What is being asked:
Please tally how many lines in the entries below include the word "just", giving only the number.

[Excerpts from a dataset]
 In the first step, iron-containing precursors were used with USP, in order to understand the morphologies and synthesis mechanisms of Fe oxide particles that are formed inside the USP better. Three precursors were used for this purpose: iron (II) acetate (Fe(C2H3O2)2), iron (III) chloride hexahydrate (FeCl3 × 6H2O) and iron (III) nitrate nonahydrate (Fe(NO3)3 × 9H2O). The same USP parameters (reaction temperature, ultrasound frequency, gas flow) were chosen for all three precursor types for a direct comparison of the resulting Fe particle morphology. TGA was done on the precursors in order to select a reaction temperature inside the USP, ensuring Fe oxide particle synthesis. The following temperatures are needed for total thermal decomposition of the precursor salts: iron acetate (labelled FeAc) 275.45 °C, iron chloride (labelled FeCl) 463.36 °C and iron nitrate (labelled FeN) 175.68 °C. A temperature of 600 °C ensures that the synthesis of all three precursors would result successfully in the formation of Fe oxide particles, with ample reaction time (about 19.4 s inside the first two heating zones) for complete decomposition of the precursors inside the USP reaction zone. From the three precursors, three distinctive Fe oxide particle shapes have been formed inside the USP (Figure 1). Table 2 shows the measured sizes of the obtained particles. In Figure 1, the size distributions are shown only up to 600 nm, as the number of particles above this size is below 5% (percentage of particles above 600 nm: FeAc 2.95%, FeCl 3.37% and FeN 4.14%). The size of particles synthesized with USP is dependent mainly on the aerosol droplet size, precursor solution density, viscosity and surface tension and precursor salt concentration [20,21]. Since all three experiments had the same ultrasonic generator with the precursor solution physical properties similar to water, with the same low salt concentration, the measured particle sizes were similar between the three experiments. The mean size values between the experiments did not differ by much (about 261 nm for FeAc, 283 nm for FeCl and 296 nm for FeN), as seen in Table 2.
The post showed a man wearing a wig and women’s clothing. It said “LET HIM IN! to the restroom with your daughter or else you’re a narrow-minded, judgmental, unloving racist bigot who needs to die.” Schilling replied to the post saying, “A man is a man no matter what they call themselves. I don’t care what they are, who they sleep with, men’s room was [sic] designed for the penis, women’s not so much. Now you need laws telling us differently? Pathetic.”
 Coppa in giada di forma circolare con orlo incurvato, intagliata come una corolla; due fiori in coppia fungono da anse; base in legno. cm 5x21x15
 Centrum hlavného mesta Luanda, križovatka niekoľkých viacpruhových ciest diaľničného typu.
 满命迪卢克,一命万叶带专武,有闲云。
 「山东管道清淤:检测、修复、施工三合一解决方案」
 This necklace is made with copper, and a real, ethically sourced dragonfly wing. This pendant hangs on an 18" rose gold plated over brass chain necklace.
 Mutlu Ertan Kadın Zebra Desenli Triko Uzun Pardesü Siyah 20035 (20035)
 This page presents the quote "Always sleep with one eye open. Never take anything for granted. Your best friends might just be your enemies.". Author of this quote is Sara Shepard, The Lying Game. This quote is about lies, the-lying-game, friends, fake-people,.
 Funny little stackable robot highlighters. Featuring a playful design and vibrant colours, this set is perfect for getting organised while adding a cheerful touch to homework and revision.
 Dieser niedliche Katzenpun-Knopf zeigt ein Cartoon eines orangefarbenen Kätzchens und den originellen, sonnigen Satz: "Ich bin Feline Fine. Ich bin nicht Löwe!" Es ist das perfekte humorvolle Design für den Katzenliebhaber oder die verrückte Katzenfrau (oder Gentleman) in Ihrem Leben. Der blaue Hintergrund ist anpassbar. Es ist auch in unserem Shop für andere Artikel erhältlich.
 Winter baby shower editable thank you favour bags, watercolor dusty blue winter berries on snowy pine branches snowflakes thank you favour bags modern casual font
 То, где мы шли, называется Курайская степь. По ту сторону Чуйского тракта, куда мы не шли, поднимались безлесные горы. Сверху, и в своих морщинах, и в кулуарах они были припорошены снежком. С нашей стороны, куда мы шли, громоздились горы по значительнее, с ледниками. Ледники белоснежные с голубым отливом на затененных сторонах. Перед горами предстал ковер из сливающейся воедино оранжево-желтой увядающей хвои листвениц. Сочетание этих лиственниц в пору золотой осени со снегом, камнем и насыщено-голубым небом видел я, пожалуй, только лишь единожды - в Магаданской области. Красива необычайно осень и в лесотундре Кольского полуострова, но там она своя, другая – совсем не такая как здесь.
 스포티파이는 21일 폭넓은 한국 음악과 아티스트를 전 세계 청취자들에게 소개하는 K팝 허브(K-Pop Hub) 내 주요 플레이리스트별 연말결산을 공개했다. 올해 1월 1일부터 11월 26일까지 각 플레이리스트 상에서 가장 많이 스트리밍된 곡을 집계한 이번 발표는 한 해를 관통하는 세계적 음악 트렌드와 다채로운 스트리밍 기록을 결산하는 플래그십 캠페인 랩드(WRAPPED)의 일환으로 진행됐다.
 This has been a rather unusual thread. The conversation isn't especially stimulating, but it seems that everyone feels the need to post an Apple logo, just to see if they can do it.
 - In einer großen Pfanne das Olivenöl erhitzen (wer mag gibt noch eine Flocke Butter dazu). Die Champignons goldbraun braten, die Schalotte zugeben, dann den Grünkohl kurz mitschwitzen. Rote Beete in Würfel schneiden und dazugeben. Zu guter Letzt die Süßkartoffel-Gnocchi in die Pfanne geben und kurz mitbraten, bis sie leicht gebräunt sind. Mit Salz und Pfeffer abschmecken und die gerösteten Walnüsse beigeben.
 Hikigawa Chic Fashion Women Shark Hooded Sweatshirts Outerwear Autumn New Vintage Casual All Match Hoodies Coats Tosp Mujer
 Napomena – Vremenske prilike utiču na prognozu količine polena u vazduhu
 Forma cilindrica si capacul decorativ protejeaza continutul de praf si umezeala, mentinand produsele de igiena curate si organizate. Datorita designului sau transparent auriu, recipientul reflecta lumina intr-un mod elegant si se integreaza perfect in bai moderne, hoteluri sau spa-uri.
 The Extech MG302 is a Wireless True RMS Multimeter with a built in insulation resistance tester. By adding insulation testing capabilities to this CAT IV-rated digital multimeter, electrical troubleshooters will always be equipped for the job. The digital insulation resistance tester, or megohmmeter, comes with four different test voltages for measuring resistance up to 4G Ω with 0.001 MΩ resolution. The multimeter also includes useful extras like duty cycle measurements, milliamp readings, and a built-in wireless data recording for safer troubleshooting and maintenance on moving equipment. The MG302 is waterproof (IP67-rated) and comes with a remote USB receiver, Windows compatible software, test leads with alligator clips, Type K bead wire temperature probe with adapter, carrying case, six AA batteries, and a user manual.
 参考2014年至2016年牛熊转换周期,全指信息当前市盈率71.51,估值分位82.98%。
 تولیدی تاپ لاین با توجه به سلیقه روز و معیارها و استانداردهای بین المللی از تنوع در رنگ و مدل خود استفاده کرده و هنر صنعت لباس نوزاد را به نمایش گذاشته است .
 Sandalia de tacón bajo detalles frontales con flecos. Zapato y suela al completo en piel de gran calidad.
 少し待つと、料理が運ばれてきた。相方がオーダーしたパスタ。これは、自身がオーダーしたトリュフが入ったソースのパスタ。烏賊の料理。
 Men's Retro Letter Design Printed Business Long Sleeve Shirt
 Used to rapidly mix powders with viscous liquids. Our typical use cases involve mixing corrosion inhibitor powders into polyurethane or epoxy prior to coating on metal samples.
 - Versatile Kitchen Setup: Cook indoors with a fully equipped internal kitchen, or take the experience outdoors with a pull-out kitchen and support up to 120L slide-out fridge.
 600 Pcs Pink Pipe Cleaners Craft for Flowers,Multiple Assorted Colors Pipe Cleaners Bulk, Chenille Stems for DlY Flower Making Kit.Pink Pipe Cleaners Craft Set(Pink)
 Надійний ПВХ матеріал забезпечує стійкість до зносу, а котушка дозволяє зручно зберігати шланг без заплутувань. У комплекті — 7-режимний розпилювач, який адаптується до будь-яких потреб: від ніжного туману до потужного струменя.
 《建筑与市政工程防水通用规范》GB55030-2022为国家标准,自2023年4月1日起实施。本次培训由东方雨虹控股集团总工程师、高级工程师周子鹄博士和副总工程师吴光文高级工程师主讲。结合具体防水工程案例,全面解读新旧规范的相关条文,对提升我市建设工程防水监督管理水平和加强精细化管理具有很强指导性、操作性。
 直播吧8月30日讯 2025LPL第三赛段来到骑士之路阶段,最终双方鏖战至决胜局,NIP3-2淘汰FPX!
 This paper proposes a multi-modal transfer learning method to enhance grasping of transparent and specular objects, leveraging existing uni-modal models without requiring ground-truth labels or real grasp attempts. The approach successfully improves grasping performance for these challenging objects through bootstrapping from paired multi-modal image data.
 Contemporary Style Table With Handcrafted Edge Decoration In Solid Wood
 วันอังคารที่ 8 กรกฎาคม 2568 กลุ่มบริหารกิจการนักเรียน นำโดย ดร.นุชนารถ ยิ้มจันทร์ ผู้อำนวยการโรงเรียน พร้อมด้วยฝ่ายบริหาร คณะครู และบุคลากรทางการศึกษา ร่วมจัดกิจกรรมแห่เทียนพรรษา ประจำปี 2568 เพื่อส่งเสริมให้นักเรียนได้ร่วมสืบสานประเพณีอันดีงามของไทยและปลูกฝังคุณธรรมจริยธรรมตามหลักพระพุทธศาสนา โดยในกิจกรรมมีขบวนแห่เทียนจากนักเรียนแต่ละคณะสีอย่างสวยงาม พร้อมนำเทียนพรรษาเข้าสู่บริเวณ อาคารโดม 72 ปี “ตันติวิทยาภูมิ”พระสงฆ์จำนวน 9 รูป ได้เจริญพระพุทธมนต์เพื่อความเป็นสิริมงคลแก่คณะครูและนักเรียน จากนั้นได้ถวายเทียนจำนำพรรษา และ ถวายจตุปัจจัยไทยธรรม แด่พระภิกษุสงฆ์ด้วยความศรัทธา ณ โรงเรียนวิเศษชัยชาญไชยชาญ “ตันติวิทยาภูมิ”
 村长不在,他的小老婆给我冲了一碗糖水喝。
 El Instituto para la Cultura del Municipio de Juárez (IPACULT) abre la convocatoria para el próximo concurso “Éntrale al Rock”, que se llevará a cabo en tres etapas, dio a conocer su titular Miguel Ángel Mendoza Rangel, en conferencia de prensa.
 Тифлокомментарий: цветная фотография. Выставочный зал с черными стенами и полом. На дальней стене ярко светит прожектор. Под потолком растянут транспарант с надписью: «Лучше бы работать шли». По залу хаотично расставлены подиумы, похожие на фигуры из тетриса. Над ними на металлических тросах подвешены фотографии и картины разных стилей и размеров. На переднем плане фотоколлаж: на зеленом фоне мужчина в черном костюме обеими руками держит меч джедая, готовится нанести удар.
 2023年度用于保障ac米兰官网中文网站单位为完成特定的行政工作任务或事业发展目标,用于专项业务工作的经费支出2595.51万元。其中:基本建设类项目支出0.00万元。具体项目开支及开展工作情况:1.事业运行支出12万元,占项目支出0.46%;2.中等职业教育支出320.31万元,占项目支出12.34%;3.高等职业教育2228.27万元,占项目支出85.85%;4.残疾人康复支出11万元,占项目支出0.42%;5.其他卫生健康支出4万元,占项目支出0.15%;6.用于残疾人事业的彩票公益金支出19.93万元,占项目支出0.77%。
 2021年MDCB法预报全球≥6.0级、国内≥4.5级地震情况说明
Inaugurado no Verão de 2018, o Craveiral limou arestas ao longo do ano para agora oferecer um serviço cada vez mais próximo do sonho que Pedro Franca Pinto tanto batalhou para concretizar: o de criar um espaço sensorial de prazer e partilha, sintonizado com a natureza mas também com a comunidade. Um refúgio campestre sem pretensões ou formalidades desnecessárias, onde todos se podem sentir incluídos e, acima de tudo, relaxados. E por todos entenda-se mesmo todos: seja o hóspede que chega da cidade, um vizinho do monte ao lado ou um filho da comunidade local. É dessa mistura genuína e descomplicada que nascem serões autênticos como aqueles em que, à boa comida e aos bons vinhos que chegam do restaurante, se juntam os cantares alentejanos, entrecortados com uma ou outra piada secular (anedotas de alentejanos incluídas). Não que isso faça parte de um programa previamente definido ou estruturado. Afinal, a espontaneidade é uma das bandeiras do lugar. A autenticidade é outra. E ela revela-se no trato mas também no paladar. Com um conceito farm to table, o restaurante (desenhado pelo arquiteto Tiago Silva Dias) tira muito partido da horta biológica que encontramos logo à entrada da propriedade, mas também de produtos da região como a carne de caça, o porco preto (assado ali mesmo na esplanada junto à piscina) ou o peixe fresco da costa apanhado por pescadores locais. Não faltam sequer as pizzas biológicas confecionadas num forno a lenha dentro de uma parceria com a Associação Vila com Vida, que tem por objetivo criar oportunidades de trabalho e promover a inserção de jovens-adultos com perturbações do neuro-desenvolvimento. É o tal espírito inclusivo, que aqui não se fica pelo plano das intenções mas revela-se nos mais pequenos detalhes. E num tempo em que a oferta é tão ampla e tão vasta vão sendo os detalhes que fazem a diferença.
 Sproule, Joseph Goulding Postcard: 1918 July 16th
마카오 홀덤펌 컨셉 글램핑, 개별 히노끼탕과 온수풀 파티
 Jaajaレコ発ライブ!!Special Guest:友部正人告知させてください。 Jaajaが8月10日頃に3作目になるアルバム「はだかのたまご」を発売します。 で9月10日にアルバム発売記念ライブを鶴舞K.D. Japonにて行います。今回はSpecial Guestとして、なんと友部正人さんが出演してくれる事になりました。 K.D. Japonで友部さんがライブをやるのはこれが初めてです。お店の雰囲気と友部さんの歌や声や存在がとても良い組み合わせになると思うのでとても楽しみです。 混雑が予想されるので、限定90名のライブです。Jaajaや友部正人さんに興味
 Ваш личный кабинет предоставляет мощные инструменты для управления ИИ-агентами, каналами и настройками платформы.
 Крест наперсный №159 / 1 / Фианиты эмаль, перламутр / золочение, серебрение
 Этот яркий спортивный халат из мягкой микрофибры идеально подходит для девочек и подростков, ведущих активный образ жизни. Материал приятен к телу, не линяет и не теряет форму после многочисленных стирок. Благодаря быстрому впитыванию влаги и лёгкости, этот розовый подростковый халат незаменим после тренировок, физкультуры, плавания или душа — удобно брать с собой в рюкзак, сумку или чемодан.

Answer area:
2